First Rust project: Command line tool

Hello all,
I would highly appreciate some constructive criticism on my first project. It is a command line tool to handle PDB files (a special file format used for storing information on proteins, DNA and the like) and manipulate them in a way that makes them useful as input for another program (ORCA quantum chemistry package).
Since it is a very niche use case, I have not published it on crates.io but rather on my own repo:
theDoctor/pdbman: Utility tool to handle PDB files and use them as input for QM/MM calculations in ORCA - pdbman - Codeberg.org

It is not quite "finished" (at least from my current point of view) but basically all of the features I wanted are implemented and by now I mostly fuss about its structure, clarity, efficiency and the like so I figured a few pointers by people who are better at this than I am might be helpful before I get bogged down by needless small edits.

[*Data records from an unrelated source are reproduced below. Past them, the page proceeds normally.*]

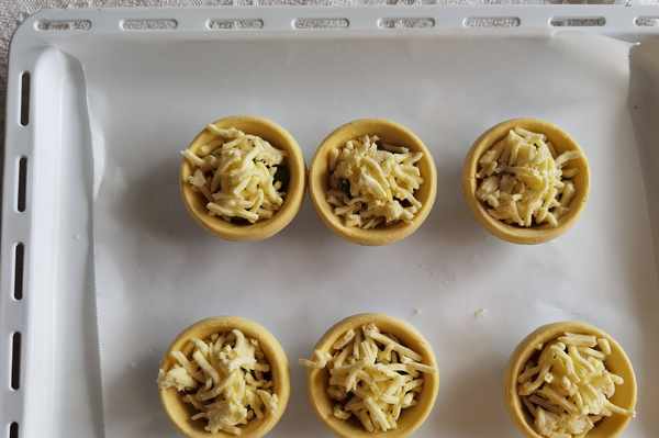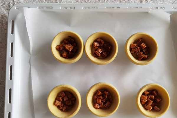 步驟3、烤箱預熱上下210度。烤盤墊上油紙,回溫好的蛋撻放入。把拌好的火腿丁均勻舀入撻皮底部。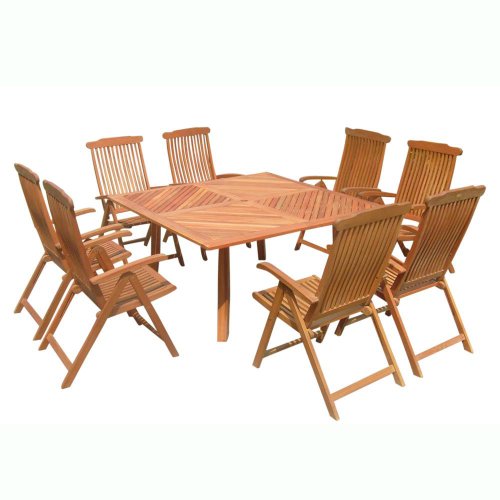 VIFAH Mahata A37051131SET1511 FSC Eucalyptus Outdoor Dining Set with Square Table and Eight Chairs Review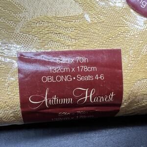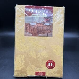 Damask Fabric Tablecloth Autumn Harvest 52x70 Oblong Oval Gold Leaf Fall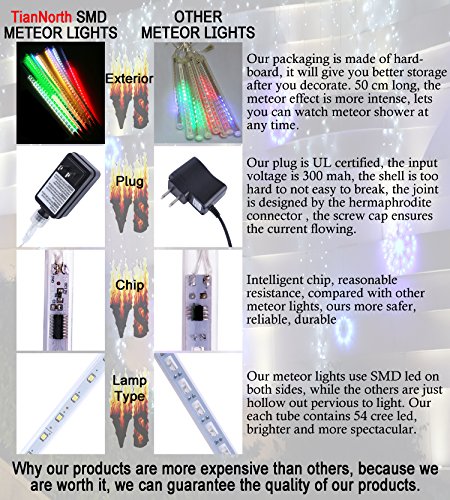 - ENERGY CONSERVATION: The input voltage is AC100-277V , UL Power supply the output voltage is DC12V.It can connect two Set meteor lights, three Set meteor lights shared a transformer, you can save your socket.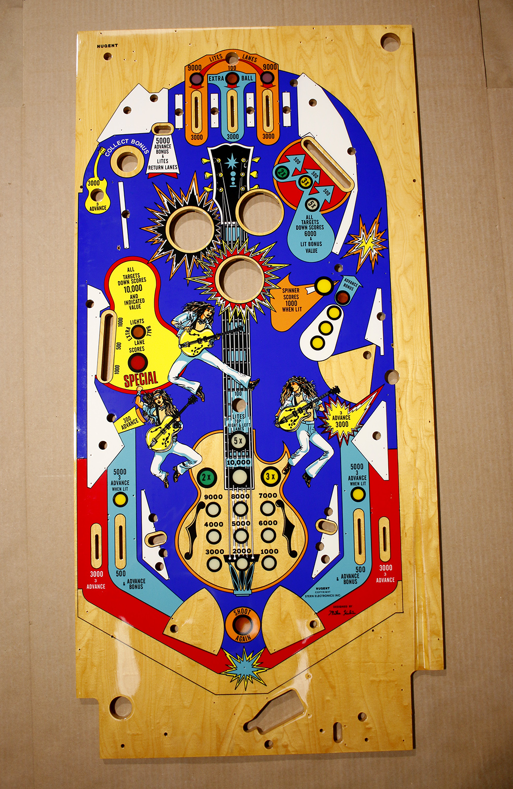 This is a Nugent playfield that was culled to the end, as it was a return from a previous customer who got an exchange. There is a small scratch in the right outlane that didn’t get caught, and it IS under clearcoat. See closeup picture in the gallery. This may invoke a Nugent restoration that is much more affordable on the wallet. Priced to clear.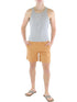Mid-rise waist for comfort | Made from soft chino fabric | Versatile khaki color | Classic short length | Features button closure | Has two side pockets | Comes with a back pocket | Belt loops for added functionality | Easy to maintain and clean | Ideal for casual wear'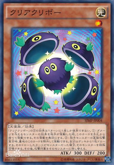 效果:这张卡的攻击力变成「クリバー」的效果从游戏中除外的怪兽的攻击力合计数值。可以把这张卡从游戏中除外,把从游戏中除外「クリボー」「クリバー」「クリビー」「クリベー」「クリブー」各1只特殊召唤。这个效果在对方回合也能发动。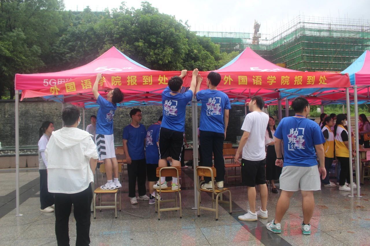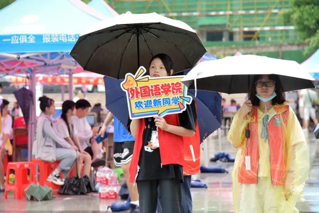由于台风天气影响,当天一直下着大雨,但助班和志愿者并没有因此懈怠工作,而是坚守岗位,帮助新生们搬运行李、介绍相关事宜,引导新生完成报到、注册等流程,不少老师也主动加入志愿工作,做到关心互助、友爱和谐,让新生初来乍到的第一天充分感受到公司的欢迎与热情。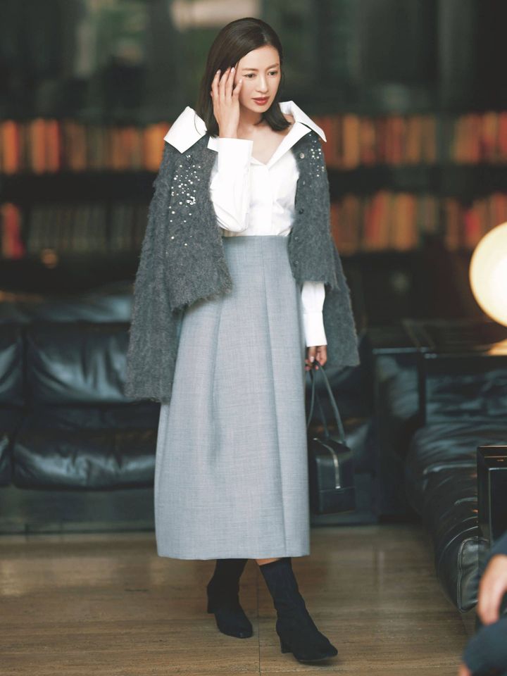 シャツをベースにした、上品なグレーのワントーンコーデ。華やぎ不足が気になったら、ビジュー付きカーデなど煌めきのアクセントを入れてみて。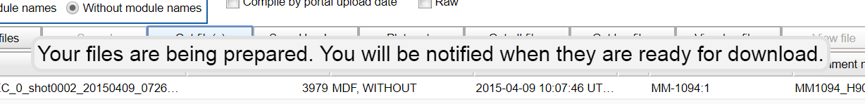 Depending on the number of files and sizes of the result files, it can take a considerable time to zip the files together before they are ready for download. Therefore, files are zipped and getting ready in the background on the server and when they are ready for download you will be notified with a toast message at the top next to the download dialog icon. The icon can be found in the tool strip at the top depicted in Illustration 19 below.
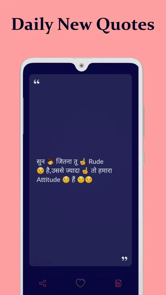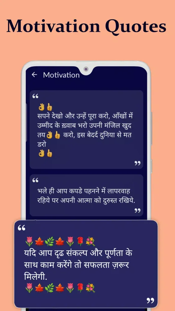 Our app is designed to provide you with a wide range of motivational and inspirational quotes that are updated daily. Whether you're feeling down or just need a boost of positivity, our collection of quotes and shayari (poetry) will uplift your spirits and help you maintain a positive mindset.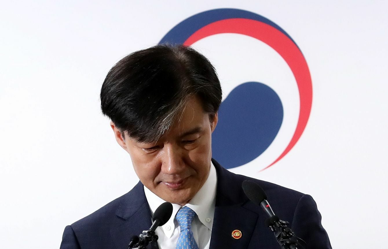 10月14日、ソウル近郊の法務省庁舎で発言する韓国のチョ・グク法相(韓国)

For trying it out I included a couple of PDB files in the assets folder.

I haven't put in the time to do a full review, but I do note that you're doing a lot of string comparisons instead of types, and have the same list of strings in a lot of places. I suggesting using enums instead. E.g.

use std::str::FromStr;
enum Residue {
    None,
    Sidechain,
    Backbone,
}

impl FromStr for Residue {
    // There are better `Err` approaches, but for illustration
    type Err = String;
    fn from_str(s: &str) -> Result<Self, Self::Err> {
        match s {
            "None" => Ok(Residue::None),
            "Sidechain" => Ok(Residue::Sidechain),
            "Backbone" => Ok(Residue::Backbone),
            _ => Err(format!("Residue '{}' is not recognized", s))
        }
    }
} 

And so on for aminos, etc. Then you can either convert everything to internal types upfront and benefit from the stronger typing. Or if you want to migrate graduallly or just be less invasive to the PDB type or something, you could attempt the conversion in each method.

use std::error::Error;
fn elsewhere(partial: &str) -> Result<(), Box<dyn Error>> {
    match Residue::from_str(partial)? {
        Residue::None => {},
        Residue::Sidechain => {},
        Residue::Backbone => {},
    }
    Ok(())
}

There are also crates that can reduce the boilerplate. I've found strum useful in cases like this.

1 Like

Thanks for the suggestion! I actually have implemented this for most of my pattern matching. I used to do all of the pattern matching in run() with strings but later converted all of that to enums. The Partial enum you suggested already exists I just forgot to implement it in the functions you pointed out.

In the case of the aminos (and other such lists) however I don't quite see the benefit. These are arrays only used to check if they contain strings that are parsed from the PDB input files. Granted the use case is somewhat similar to the Partial enums above but i created the enums mainly to simplify pattern matching which is not done with the amino arrays.
The code repetition for these arrays could be eliminated by making them consts so am I missing something here?

Yeah, I missed the fact that those are only used to see if it's part of a recognized set. (There's some code that associates some strings with floats that I thought was one of the same list of strings; I looked again and it's not the same list.) So no, I don't think you're missing anything.

You could just put the "is this a recognized X" logic into a function to get rid of the duplication. Or if you wanted to use const, you could use a slice of sorted values and use Vec::binary_search. Or you could use a lazy_static and have a HashSet. Lots of options.

For now I have changed the arrays from inside the functions to const arrays like so:

const BACKBONE_ATOMS: [&str; 8] = ["C", "O", "N", "H", "CA", "HA", "HA2", "HA3",];

This lets me perform the same logic using something like BACKBONE_ATOMS.contains(some_string). Is there a downside to this or rather a reason to do it with a binary search or other method?

Not really. Mostly a matter of preference or habit. Performance is an argument for some of the alternatives, but is very unlikely to matter in this situation IMHO. Simplicity and non-reliance on human sorting are counter-arguments.

Just gonna bump this again. The source code has been updated somewhat but I'm still interested in other people reviewing my approach of dealing with command line options and structuring a run function.

This topic was automatically closed 90 days after the last reply. We invite you to open a new topic if you have further questions or comments.